Diamond Schmitt's design of David Geffen Hall is featured in an article by Justin Davidson for Vulture.

I’ve spent a lot of time recently in Geffen Hall, switching seats and sections, trying to confirm or at least understand my nagging sense that a $550 million renovation hadn’t yielded the platinum sound it was supposed to. Acoustics refers to the complex trajectory of a musical molecule from the player’s fingers or mouth, ricocheting off balconies and walls, until it reaches a listener’s ear. What makes a room’s acoustics hard to assess is that they depend as much on the music, the musicians, and the listener’s location as they do on the arrangement of surfaces along the way. I sat in the orchestra when music director Jaap Van Zweden led Beethoven’s Ninth, and it was bracing to the point of astringency. Before the renovation, the hall was notoriously murky. Musicians struggled to hear each other, so getting the balance right was largely a matter of guesswork. Orchestral colours tended toward shades of taupe. Now it was as if I were experiencing the score through a freshly cleaned picture window: Every detail was sharp, but the whole ensemble felt out of reach and two-dimensional. 

How a hall sounds is partly a stylistic choice. Shortly before Geffen opened last October, I asked Philharmonic president Deborah Borda whether she expected it to yield the kind of round, rosy acoustics that Carnegie Hall is famous for. There, bass notes rumble, sharp attacks get softened like a Hollywood star’s wrinkles, and you can practically go have a beer in the interval between a staccato orchestral chord and its final decay. No, Borda said: Geffen would be a “modern hall,” which I took to mean one with balanced and clear acoustics, evenly distributed across registers from piccolo to double bass. Tchaikovsky conducted the opening concert at Carnegie in 1891, and the most advanced taste at the time called for rich, velvety strings and hot blasts of brass. Today’s new halls handle a far wider range of music, with abundant percussion, electronics, amplification, and sonic characters that range from misty nebulae to intricately layered rhythms and sudden, high-precision shifts. Too much flattering resonance can turn much of that diversity to mush. 

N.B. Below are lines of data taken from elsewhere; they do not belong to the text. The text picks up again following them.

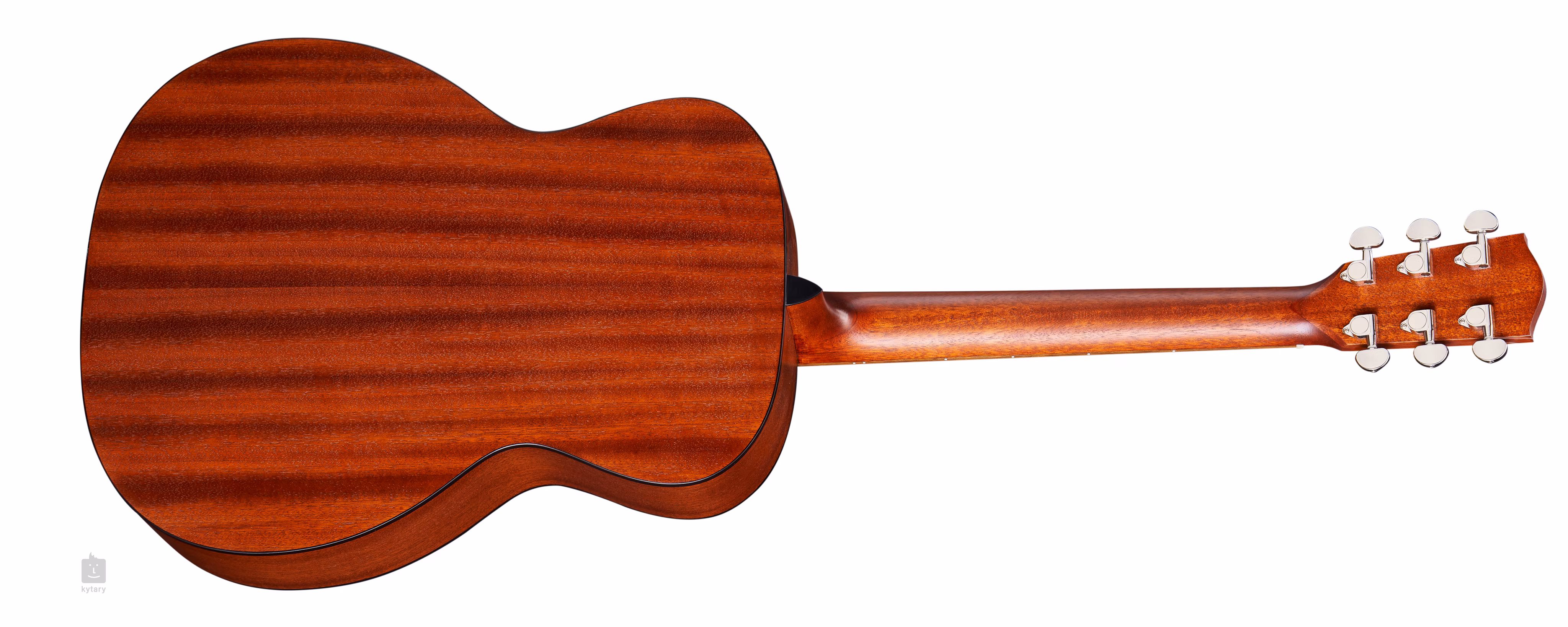 L'avant de la guitare est en épicéa de Sitka, tandis que le dos et les éclisses sont en sapelli stratifié. Une touche en palissandre avec 20 frettes est collée sur un manche en okoumé avec un beau profil en "C". La résonance de la table est soutenue par des nervures traditionnelles en X, et l'orientation sur la touche est facilitée par des points de positionnement en nacre.
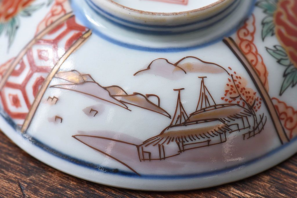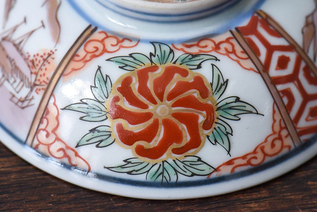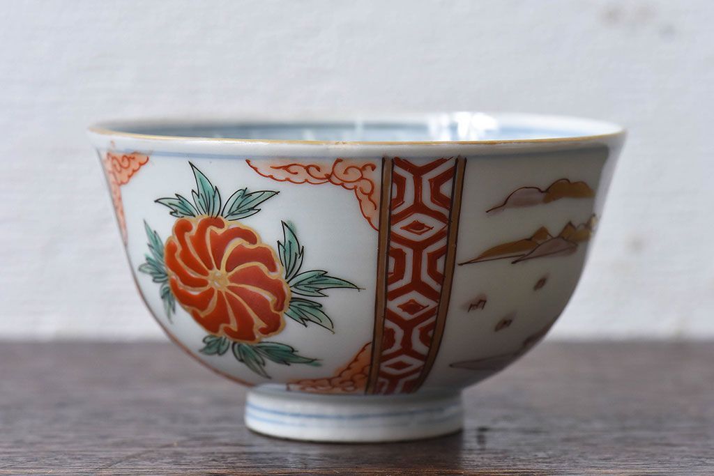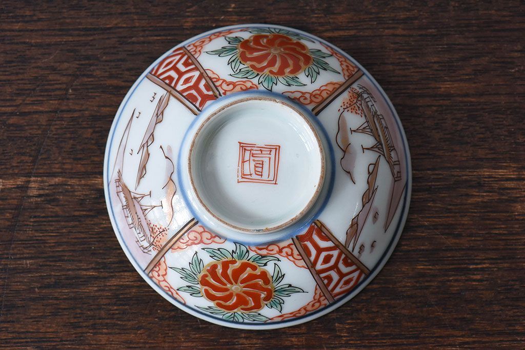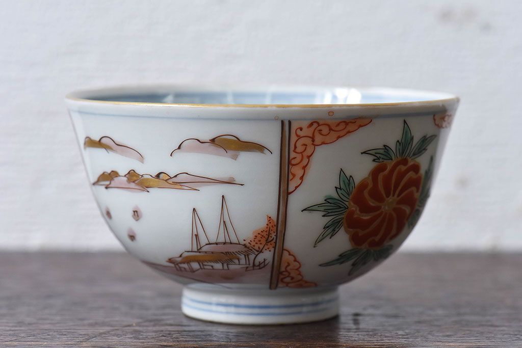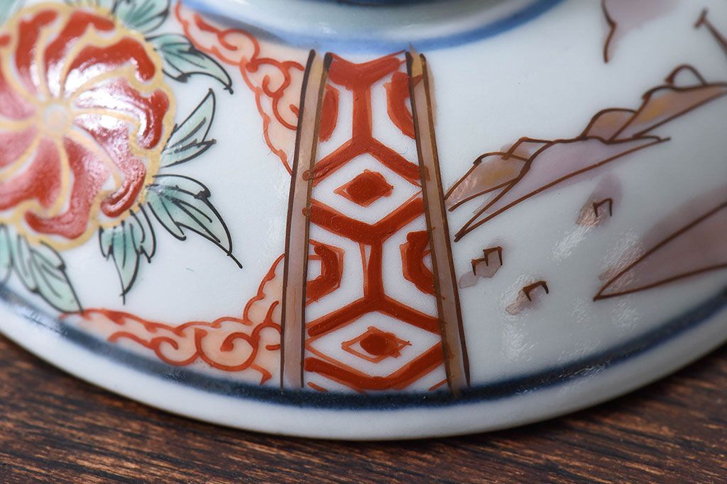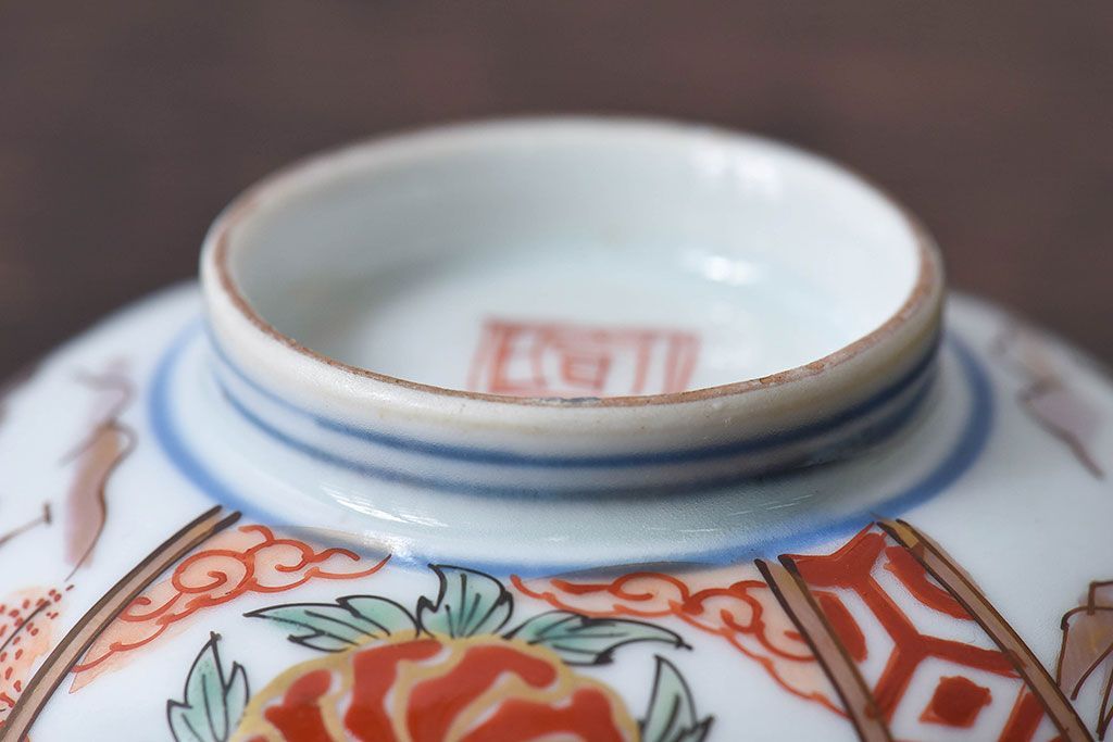 ラフジュ工房> 骨董・美術品> 骨董-陶磁器 > 古民具・骨董 江戸期 華やかな古伊万里色絵染付 蓋つき茶碗(2客セット)
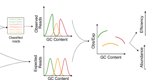 Differences in genomic GC content skew species abundances in microbial communities. Here, the authors develop GuaCAMOLE, a computational method that quantifies this GC bias from metagenomic sequencing data and corrects abundances accordingly, showing its application increases abundances of some pathogenic bacteria up to twofold in human gut microbiomes.

After the first weeks of the season, guest conductors started to arrive, and the music-making improved. Van Zweden was never a perfect match for the Philharmonic; now it seems he’s not suited to the new room, either. In mid-November, the Finnish conductor Hannu Lintu led a program that included Bartók’s Concerto for Two Pianos and Percussion, with Daniil Trifonov and his former teacher Sergei Babayan as soloists. That time, I listened from my new favourite perch above and behind the orchestra, in seats that the chorus occupies when there is one and audiences use when there isn’t. The piece is a perfect road test for a new hall: clanging, raucous, and quick in some passages; hushed and whistling in others. Here, it sounded like some beautiful crazy machine, with the two pianos hammering and thumping, never quite in sync but getting the job done with plenty of excitement along the way. In that work, and in Sibelius’s Seventh Symphony, the orchestra sounded more elastic and relaxed than I had heard it in a while, as if the players had finally come to realize they no longer needed to fight the space.